# Network (turbonet) Setup Probelms



## baggy99 (Feb 25, 2007)

Hi all

I've spent days trying to sort this out myself, but I've given up!

Basically, I have removed the hdd from my Tivo and installed it a PC booted with mfstools2. All I want to do is discover the current IP settings or re-write them to the disk, BUT I can't run nic_install. The drive shows up correctly with fdisk -l, but I can't write to it. When I run "nic_install turbonet" I get "Error - no Tivo drive detected." Does this mean the drive isn't mounted? Am I doing something stupid?

For a bit more background, here's the story. Replaced my HDD a few weeks ago after the old one died. New drive came setup with Turbonet drivers and my network picked it up straight away - no problems. Then 2 weeks later I noticed that it was no longer doing the nightly download. On investigation I found I could no longer ping TIVO from the PC. A scan of the full IP range found absolutely nothing.
So, my conclusion was either that the Turbonet card had given up, or that Tivo had somehow reset its IP address to something outside the 192.168.1.xxx range.
I removed the hdd and stuck it in my PC as IDE2 master with the CD as IDE2 slave. Booted with mfstools2 and tried nic_config and nic_install, but I'm getting nowhere.

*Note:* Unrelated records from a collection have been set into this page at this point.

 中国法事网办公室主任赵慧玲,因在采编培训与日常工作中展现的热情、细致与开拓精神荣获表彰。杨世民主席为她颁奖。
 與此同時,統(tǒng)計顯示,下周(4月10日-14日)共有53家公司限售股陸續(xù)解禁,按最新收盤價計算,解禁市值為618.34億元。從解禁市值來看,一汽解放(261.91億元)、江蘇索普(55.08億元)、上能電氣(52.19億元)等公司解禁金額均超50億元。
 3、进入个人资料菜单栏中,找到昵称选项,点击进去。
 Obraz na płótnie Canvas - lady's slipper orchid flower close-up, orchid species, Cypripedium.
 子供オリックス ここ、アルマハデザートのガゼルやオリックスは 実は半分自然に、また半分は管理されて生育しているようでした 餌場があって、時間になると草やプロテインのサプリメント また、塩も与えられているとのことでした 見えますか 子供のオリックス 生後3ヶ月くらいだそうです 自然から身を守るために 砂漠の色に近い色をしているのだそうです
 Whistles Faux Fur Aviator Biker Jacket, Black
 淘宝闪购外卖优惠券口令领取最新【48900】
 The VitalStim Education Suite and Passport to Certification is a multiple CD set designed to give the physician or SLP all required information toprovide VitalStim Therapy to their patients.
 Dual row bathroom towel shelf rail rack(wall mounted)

Can anyone provide any guidance? I know next to nothing about Linux, so I may simply have missed a crucial step? 

Thanks
Mike


----------



## RWILTS (Apr 21, 2006)

Baggy,

i am no expert but as no one else is coming forward! I remember the same 'no tivo drive' message when i did mine several years ago. I THINK the tivo drive only works if its on a certain cable ( cant remember if its Master or Slave tho). Hope this gives you somewhere to start.


----------



## mikerr (Jun 2, 2005)

Doesn't work if the Tivo drive is on primary master (IDE1 / hda) - any other position is ok.

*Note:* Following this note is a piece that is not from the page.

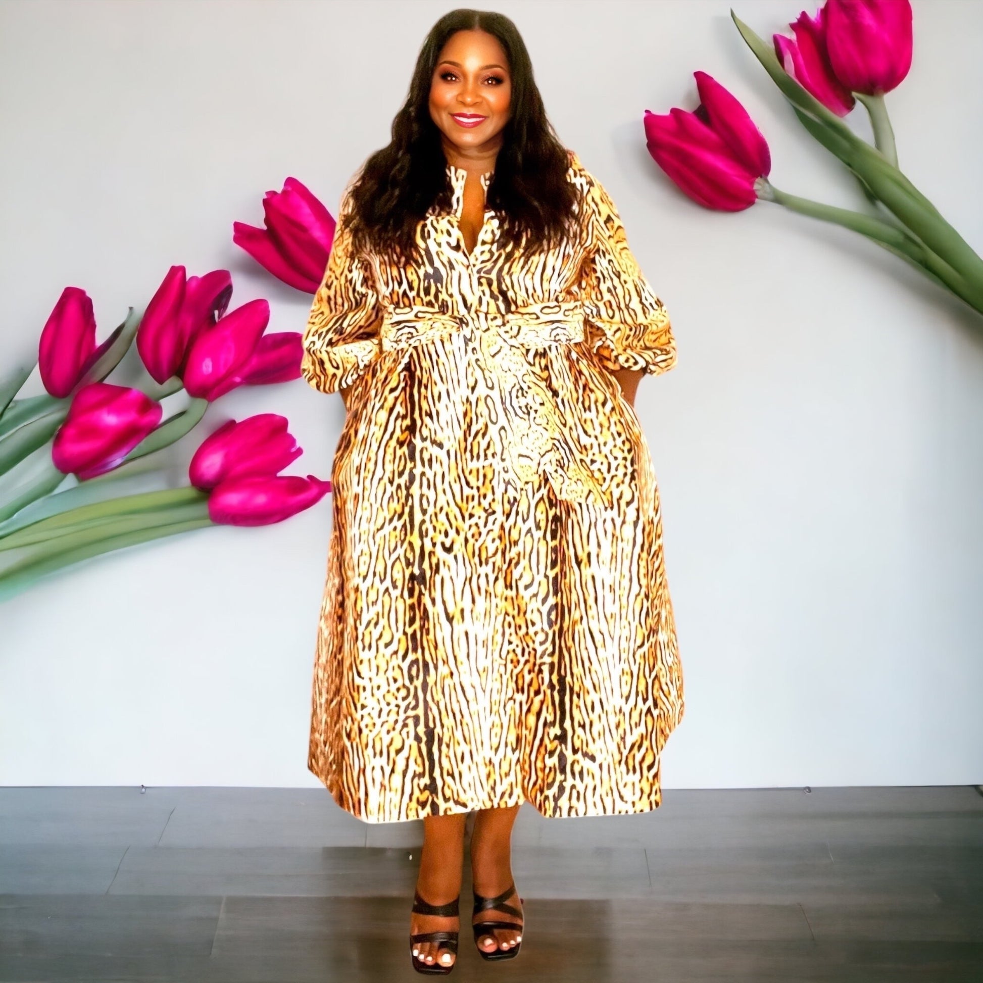 Bold print. Button up coat dress and matching tie belt. Voluminous sleeves. Midi length. Who says that beauty and strength aren't a match?
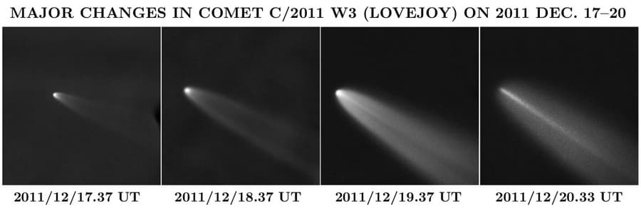 Астрономы-любители дали таким кометам особое название – одной ночью комета выглядит привычно, с ярким компактным ядром и протяжённым хвостом. На следующую ночь ядро становится мягким и диффузным, словно растворяясь на глазах. Спустя дни комета сохраняет свою форму, несмотря на катастрофу. Самый известный пример – комета Лавджоя (C/2011 W3). После исключительно близкого прохождения перигелия (140 000 километров) 16 декабря 2011 года ядро изначально уцелело, но затем подверглось катастрофическому распаду всего через несколько дней.

Also if its a maxtor or quantum drive check it's not locked (it'll show up as 9 Gb if locked)

Which CD are you using? Try the second one (Network driver CD) below:

http://www.tivocentral.co.uk/downloads/


----------



## baggy99 (Feb 25, 2007)

Thanks folks. I think my hdd is connected OK in that case (it's on IDE2 master). The disk is a Samsung 500Gb, so no, it's not the locked Quantum problem.
I'll try the download as mikerr suggests - I'll report back!
Thanks


----------



## baggy99 (Feb 25, 2007)

Downloaded the "CORRECT" file, burned to CD, booted PC, and........
perfect! nic_install behaved itself this time and I found that the default gateway had changed. It was xxx.254 and it had reverted to xxx.1
Any ideas how this could have happened? I remember reading a post where someone else had reported the same problem, but no-one could explain how it had happened. Anyway, my Tivo lives again and is busy updating now, so hopefully back in business! 
Thanks again for your help.


----------